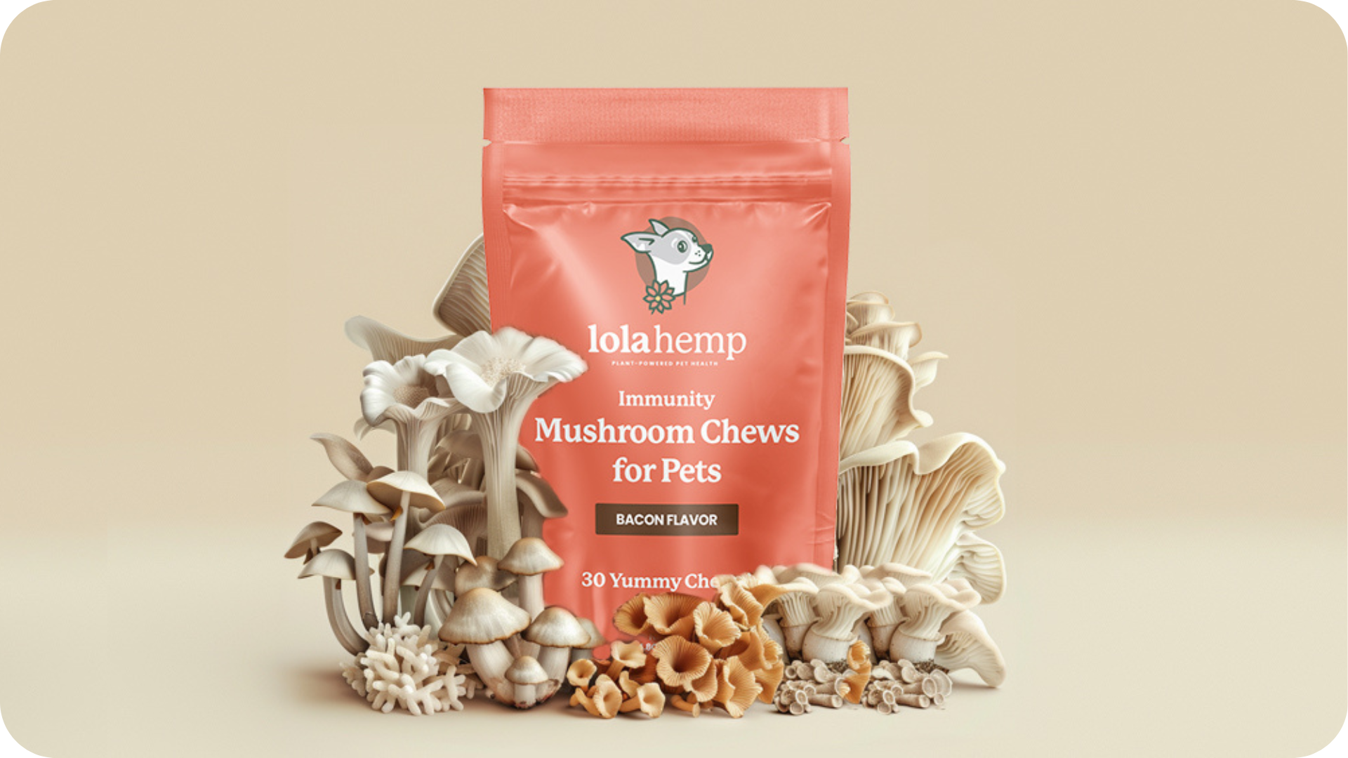 Lolahemp's Immunity Mushroom Chews for Dogs are vet-formulated with a special blend of functional mushrooms to support immunity and provide your dog with a holistic boost to overall wellness.
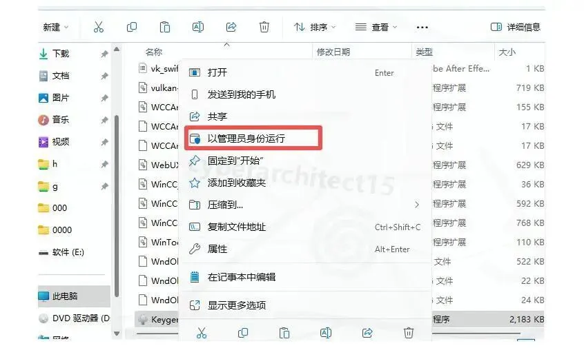 23、找到刚刚粘贴的【Keygen】程序,右键选”以管理员身份运行”。这步是设置软件注册信息,很重要!
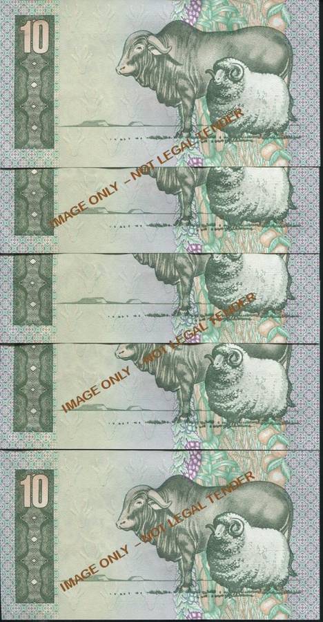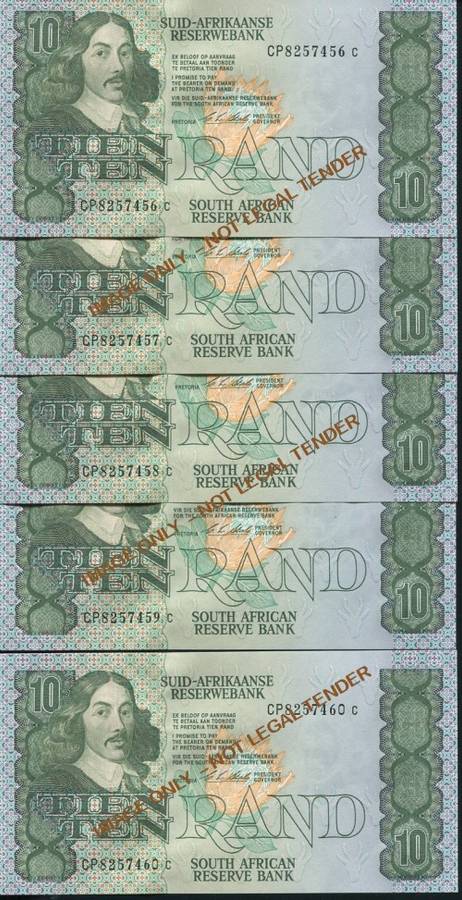 TEN RAND AUNC STALS BANKNOTES IN SERIES X 5 - 1ST SSUE 1990
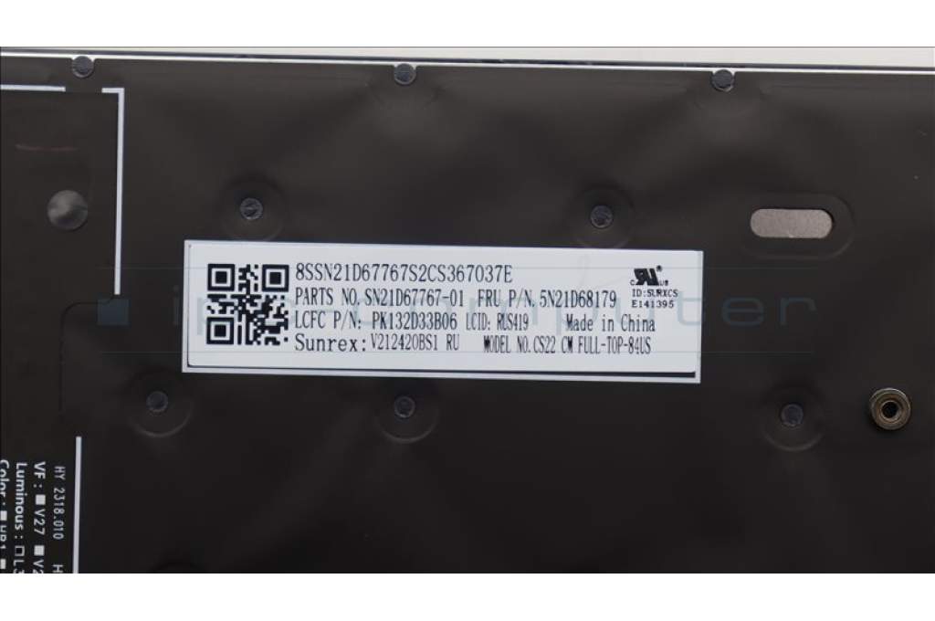 Lenovo 5N21D68179 NB_KYB CS22 FL TOP,BK-BL,SRX,RUS
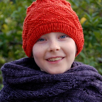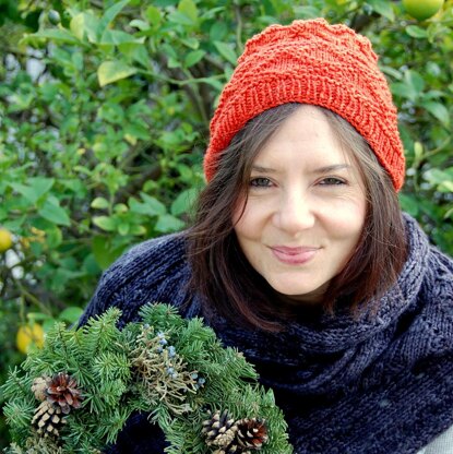 I wanted to create a hat with a flattish “sunburst” top and bands of pattern. I used the classic design of the Sirupsnitter (diamond shaped cookies from Norway), set out for the festivities of Winter, along with a small XO for good measure, and topped with a sunburst, to keep your head warm! This hat is knit in the round with cables and textured sts. This hat looks best knit in a solid or tonal Worsted weight yarn. The height of the hat is easily changed by adding or subtracting the solid knit rows between the solid purl rows that separate the patterns. You may also like to add a large pom pom which would look cool, too! Large size is seen on each model.
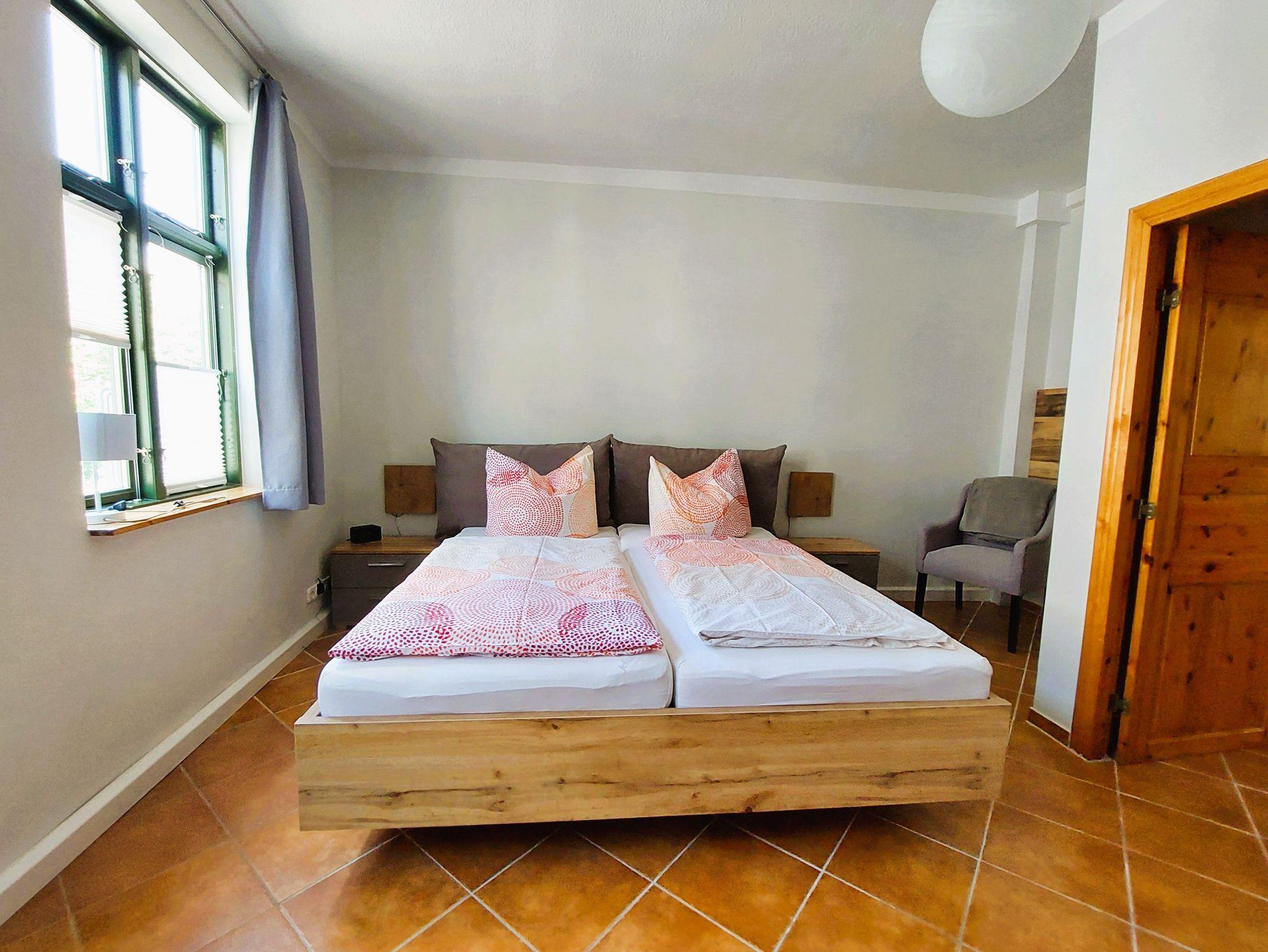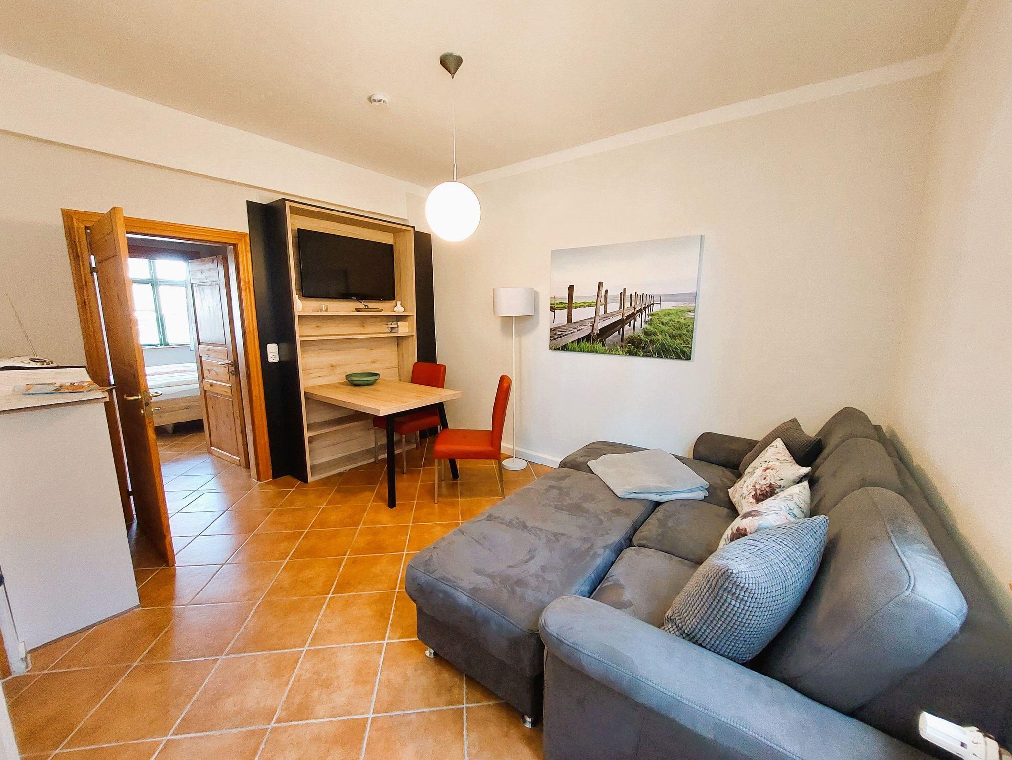 Die Ferienwohnung in der historischen Altstadt bietet Ihnen in Hochparterre ein Wohnzimmer mit Couchlandschaft, FlachTV und integrierter Einbauküche. Die Küche ist voll ausgestattet. Das Schlafzimmer bietet Ihnen ein Doppelbett mit Nachttischen, Leselampe und Kleiderschrank. Zusätzlich steht ein Einzelbett im Schlafzimmer für eine dritte Person. Das Badezimmer verfügt über eine Dusche mit Duschwanne, Waschtisch und WC.
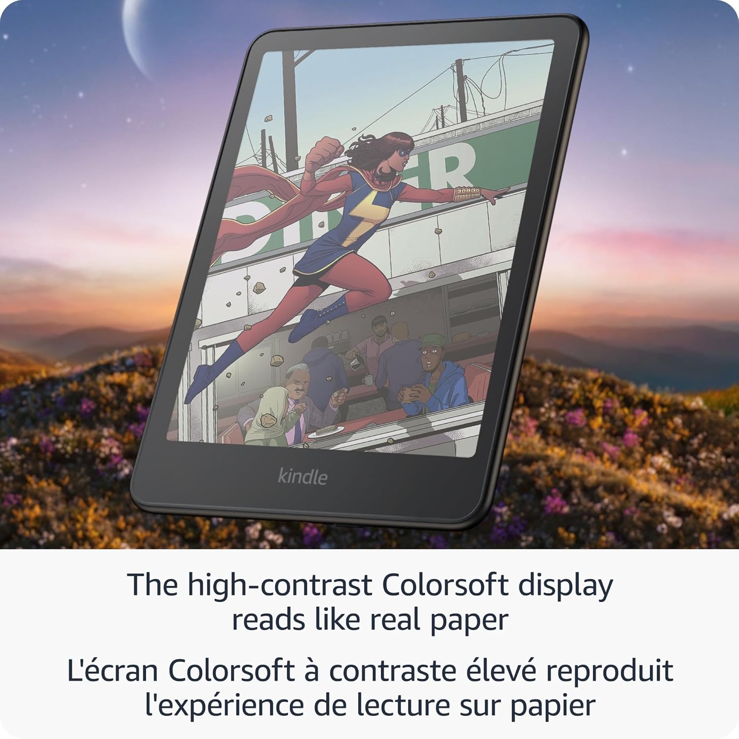 Read in colour – The new 7″ Colorsoft display is high-contrast and easy on the eyes, with paper-like colour that brings covers and content to life. Highlight text in yellow, orange, blue, and pink.
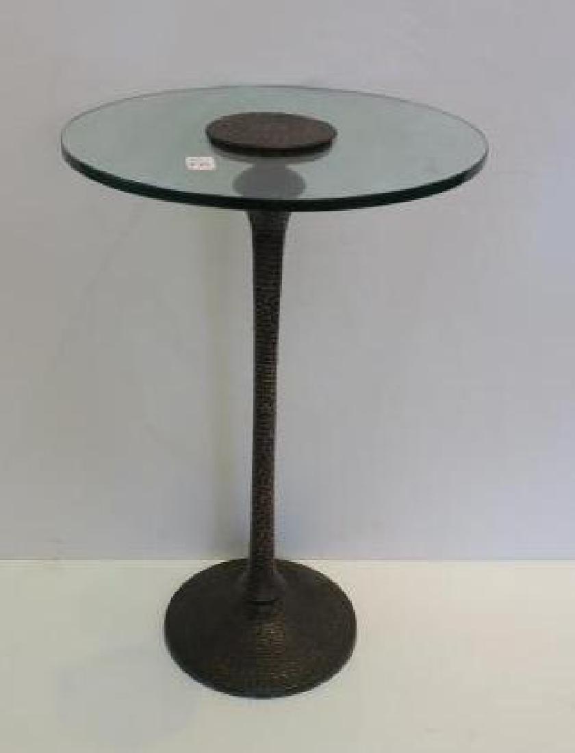 Round Glass and Metal Side Table:
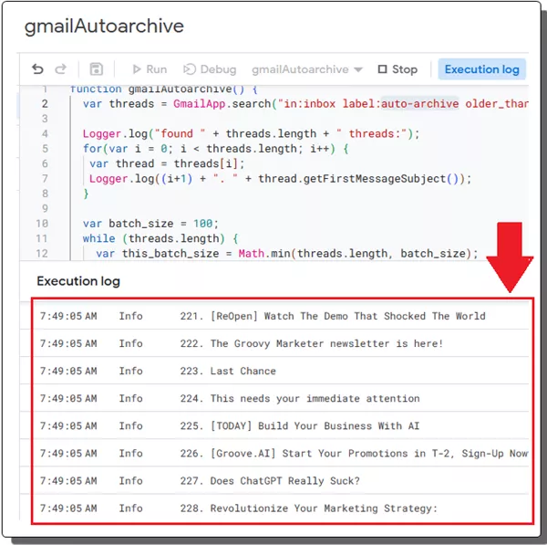 - If the run is successful, then you will see all the emails archived. You will see the subject lines. Also, when you visit the archived emails under the “auto-archive” label, you will notice that the inbox label is removed from it.
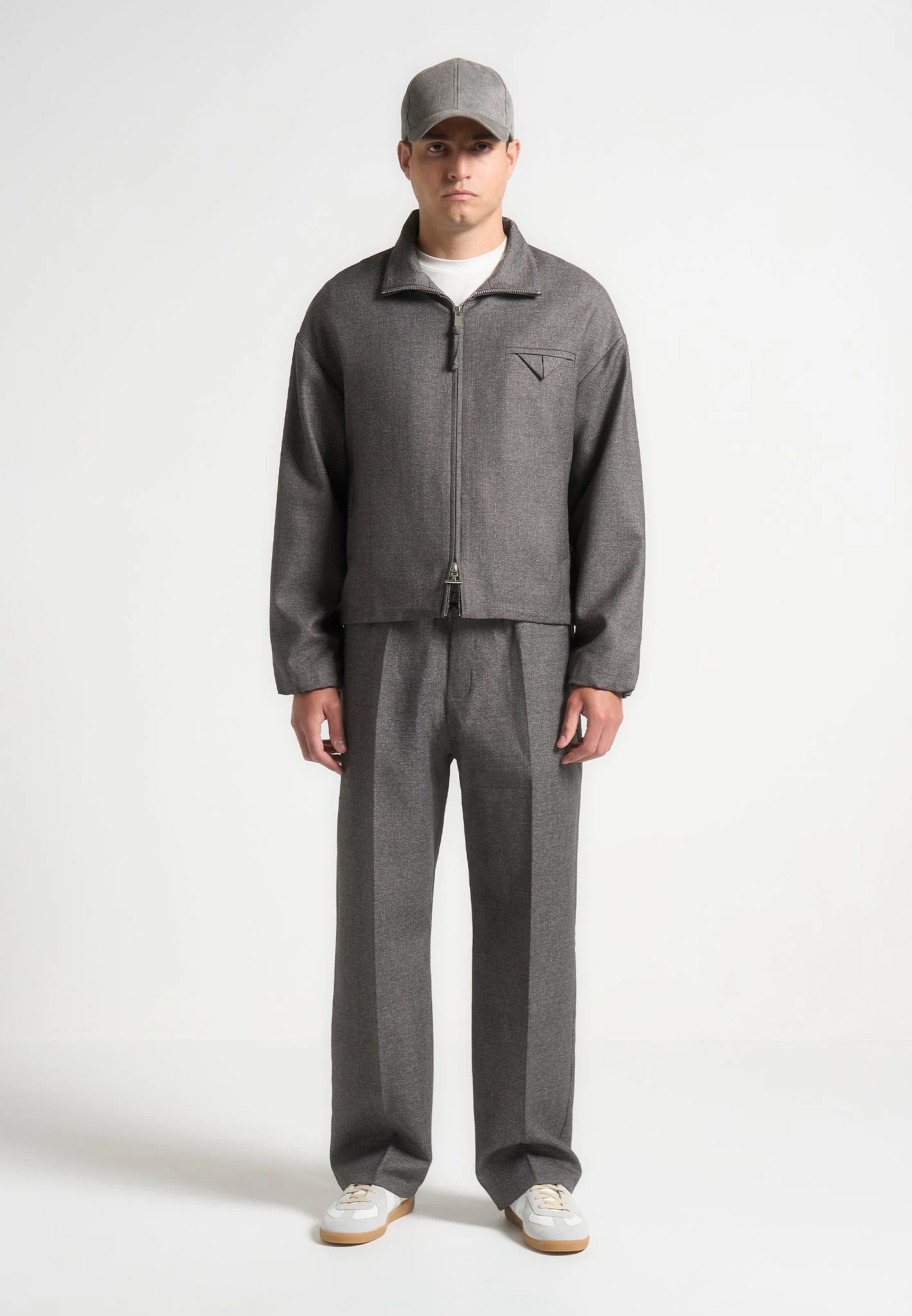 Tailored Funnel Neck Jacket – Grey

● ● ●

PROBLEM DETAILS:
Leave the pictures out, and retype exactly the lines from the one containing "Round Glass and" through the last line of the entries above, both included.

RESULT FOR THIS EXERCISE:
 Round Glass and Metal Side Table:
 - If the run is successful, then you will see all the emails archived. You will see the subject lines. Also, when you visit the archived emails under the “auto-archive” label, you will notice that the inbox label is removed from it.
 Tailored Funnel Neck Jacket – Grey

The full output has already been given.